Wednesday, April 25, 2007
ABN Amro yesterday filed with the SEC the agreement with respect to Bank of America's $21 billion dollar purchase of ABN Amro's U.S. subsidiary, LaSalle Bank.
Per the terms of the agreement (and Bank of America counsel Wachtell's fine negotiating skills), the LaSalle Bank contract contains a "calendar" 14 day "go shop" clause which continues until 11:59 PM New York time on May 6th, 2007. Under that clause an alternative bidder has 14 days to execute a definitive sales agreement on superior terms for cash and not subject to a financing condition. This is followed by a 5 business day right for Bank of America to match the new bidder's superior proposal. There is a $200 million termination fee to be paid by ABN Amro if Bank of America does not match.

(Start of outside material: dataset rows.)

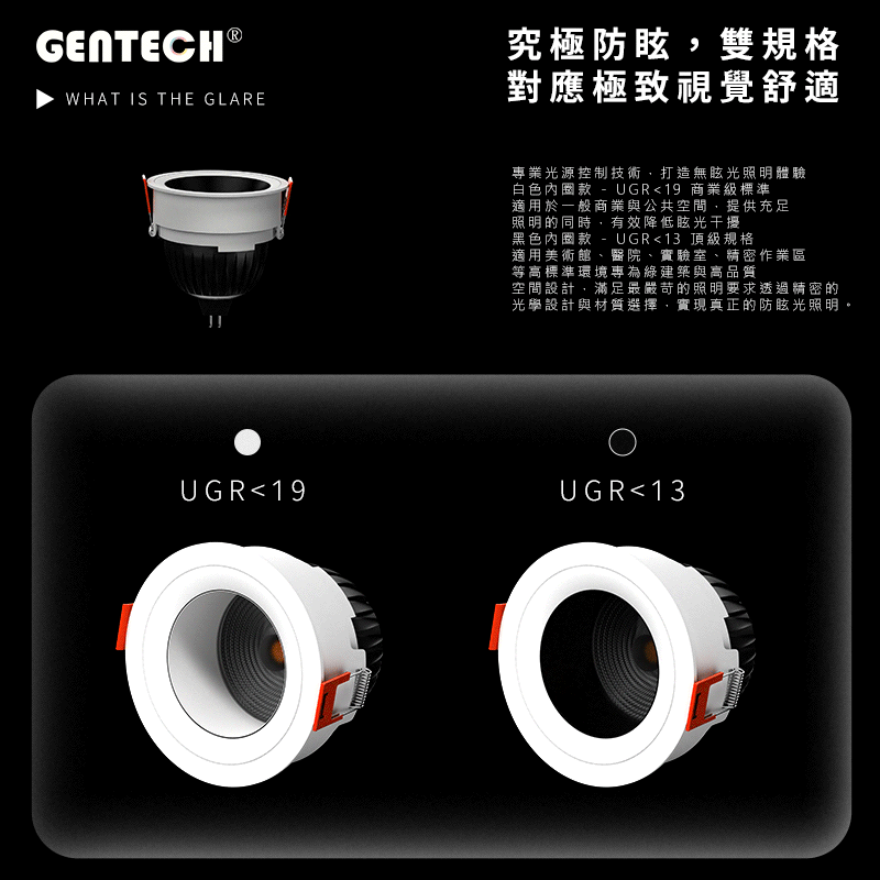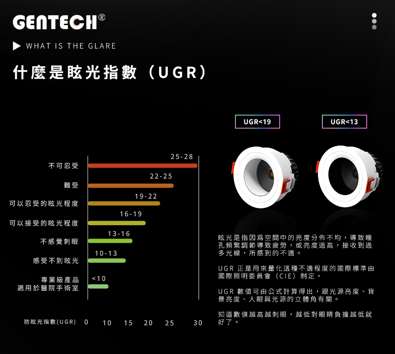 嚴格控制UGR值低於19,有效消除視覺疲勞與眩光干擾。
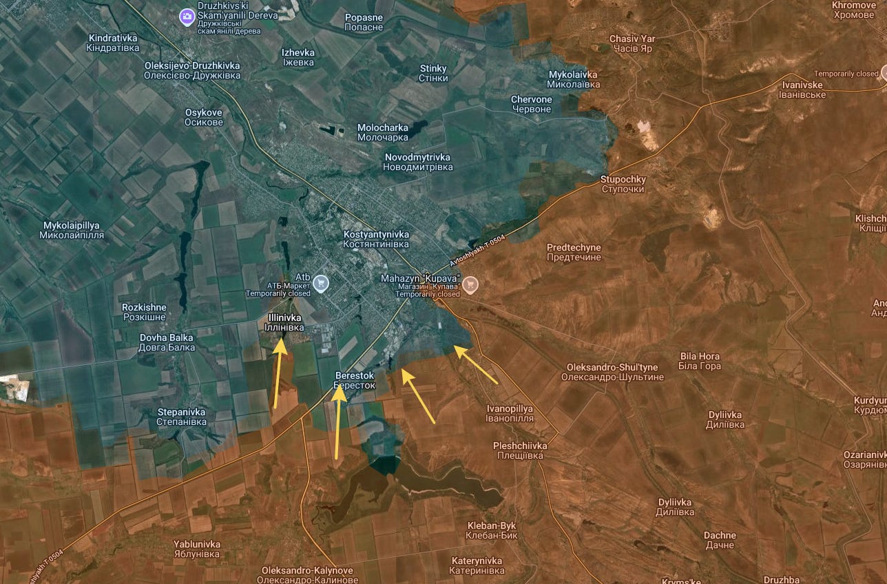 In Konstantinovka, Russian forces likewise captured all the ‘dead space’ around the city’s flanks in the area of the yellow arrows, facilitating the next infiltration phase about which Ukrainian analysts are now gravely concerned:
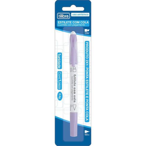 Cortar e colar nunca foi tão fácil e prático com o Estilete com Cola da Tilibra. Este produto possui uma ponta com estilete e a outra com cola líquida na cor lilás.

This short time fuse almost certainly forestalls other bids for LaSalle Bank. And, as I speculated it would do on Monday, through an almost certain sale of LaSalle Bank ABN Amro has implemented a big roadblock to the $103.75 billion cash and RBS shares bid for ABN Amro announced today by the RBS consortium (Fortis, RBS and Santander). This competing bid is conditioned on ABN Amro having taken such steps as may be required to ensure that LaSalle Bank remains within the ABN Amro group. This is all just wrong. Nonetheless, under Netherlands law no ABN Amro shareholder vote here is required for the LaSalle Bank sale because it consitutes less than 30% of ABN Amro's assets, and Netherlands law does not otherwise prohibit a "crown-jewel" lock-up of this nature. For those who are wondering, it is questionable whether Delaware in a similar situation would permit these machinations.